Well, here we are, one week into summer in the southern hemisphere and we have already had every type of weather extreme. On Monday it was a boiling 36c and we were all in shorts and eating icypoles. Now it is day six and we are all back to woolly jackets and freezing our butts off. The driving rain didn’t stop all day yesterday and we spent last night shivering in the cold.
No, I didn’t light the fire, it’s December for gods sake! We should have been barbequeing! Maybe I should get some more wood in though, there was even a snow report on the news yesterday morning…

Broccoli flowers and a tiny Hover Fly. On the right there is an even tinier…. hmmm… I don’t know what that other flier is!
That 36 degrees is far too hot for me. I’m not a hot weather lover at all and looking at the insects in the garden I’m probably not the only one.
I want to do a bit of gardening, stripping out a bed and putting in some new stuff, but I am too lazy have been leaving that particular bit of garden to go crazy for the insects.
I love a nice neat garden but at the same time I love it when things start running to seed and are covered in flowers. The bees and other pollinators love it even more and flock in for their share.
On Monday, when clearly the world was about to combust, I dragged myself outside to check if the chooks had enough fresh water.
I stepped off the back verandah into a shady patch of ground (the edges of which I hadn’t been overly attentive to with the mower, frogs live there) to find every weed blade of grass abuzz with Hover flies.
Usually these guys find a place to hover where they can hold position for as long as possible. Clearly the ability to do that is hugely attractive to the females of their species.
It just so happens that on this particular hot day the places they all wanted to hover were all in the shade.
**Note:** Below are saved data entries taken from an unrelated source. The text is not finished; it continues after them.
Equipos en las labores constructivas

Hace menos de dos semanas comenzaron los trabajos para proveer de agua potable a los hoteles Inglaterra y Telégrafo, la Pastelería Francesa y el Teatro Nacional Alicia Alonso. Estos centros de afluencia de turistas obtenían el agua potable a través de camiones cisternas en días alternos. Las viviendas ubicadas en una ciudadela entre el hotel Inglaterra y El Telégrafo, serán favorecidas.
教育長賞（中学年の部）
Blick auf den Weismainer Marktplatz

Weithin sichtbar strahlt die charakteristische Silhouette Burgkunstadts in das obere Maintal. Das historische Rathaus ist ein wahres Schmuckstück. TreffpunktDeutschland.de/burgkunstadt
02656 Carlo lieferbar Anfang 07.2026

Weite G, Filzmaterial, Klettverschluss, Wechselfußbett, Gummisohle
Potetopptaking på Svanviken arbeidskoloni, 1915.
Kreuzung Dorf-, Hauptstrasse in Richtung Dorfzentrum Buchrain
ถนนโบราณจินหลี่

Rather than maintaining a polite distance from each other as they normally do, there were so many (hundreds!) they were all pretending that it was ok to be standing around on the same blade of grass waiting for a turn in the limited airspace.
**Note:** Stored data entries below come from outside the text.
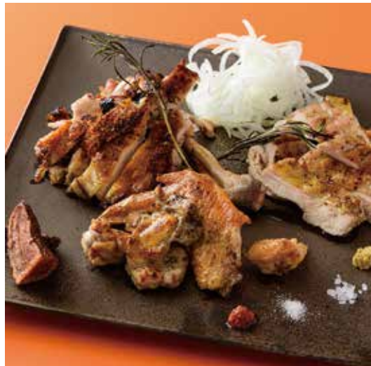
“丹沢滋黒軍鶏” 丸ごと半身の炭火焼き(雌)

Gizzard and Liver Boiled in oil Garlic and Peperoncino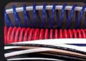
Tubos y mangueras

Saavedra 2965/69 . Rosario . Santa Fe . Argentina - 54 341 4317593 www.metalurgicasanzo.com.ar - info@metalurgicasanzo.com.ar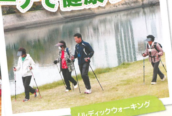
ノルディックウォーキング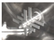
Messerkopf zur verfahrens- technischen Optimierung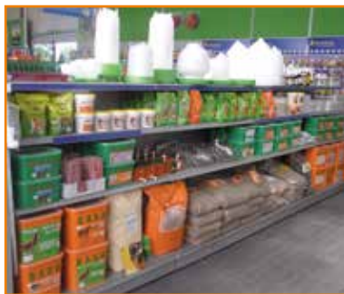
Produktpräsentation im Blütenhaus Gera

So können wir den optimalen Einsatz unserer Produkte, zur vollen Zufriedenheit von Händlern und Kunden, garantieren.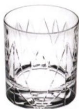
PURA TRANSPARENCIA Vaso de cristal, de Vista Alegre [c.p.v.].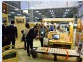
「WOODコレク ション モクコレ 2018」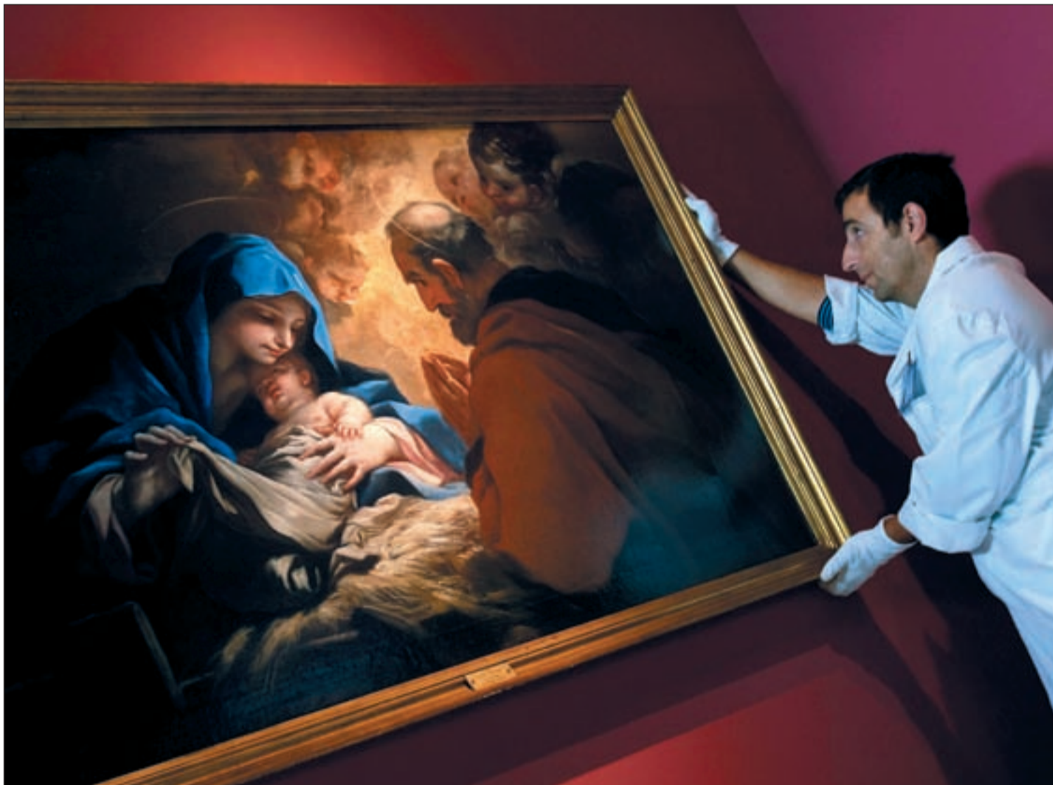
Un técnico del Museo monta 'La Natividad' de Luca Giordano en la exposición 'Colección Casa de Alba'

La exposición estará abierta al público en el museo de la ciudad hispalense desde el 12 de octubre hasta el 10 de enero • Pinturas de Zuloaga, Picasso, Tiziano o Sorolla, tapices y documentos

I felt sorry for the poor fried things and, after finding the well-watered chooks happy now their muddy yard had turned back into a dust bath, I hunted down a shallow dish and filled it with water and old fish tank rocks (so they could walk about and drink, but not die a splashy death) so the hover flies could have a drink too.
I placed it near them and wondered if they would all share, or if I had just accidentally given one of the Hover Flies the best slice of hoverable real estate ever, and that the females would be flocking in for this bloke with the nice new swimming pool…..
After a few minutes I noticed that a some of them had managed drift in the right direction and snatch a drink. I guessed that over time any of them who wanted to would find a way to hover in the right spot, so I retired back to the interior and my own cold drink!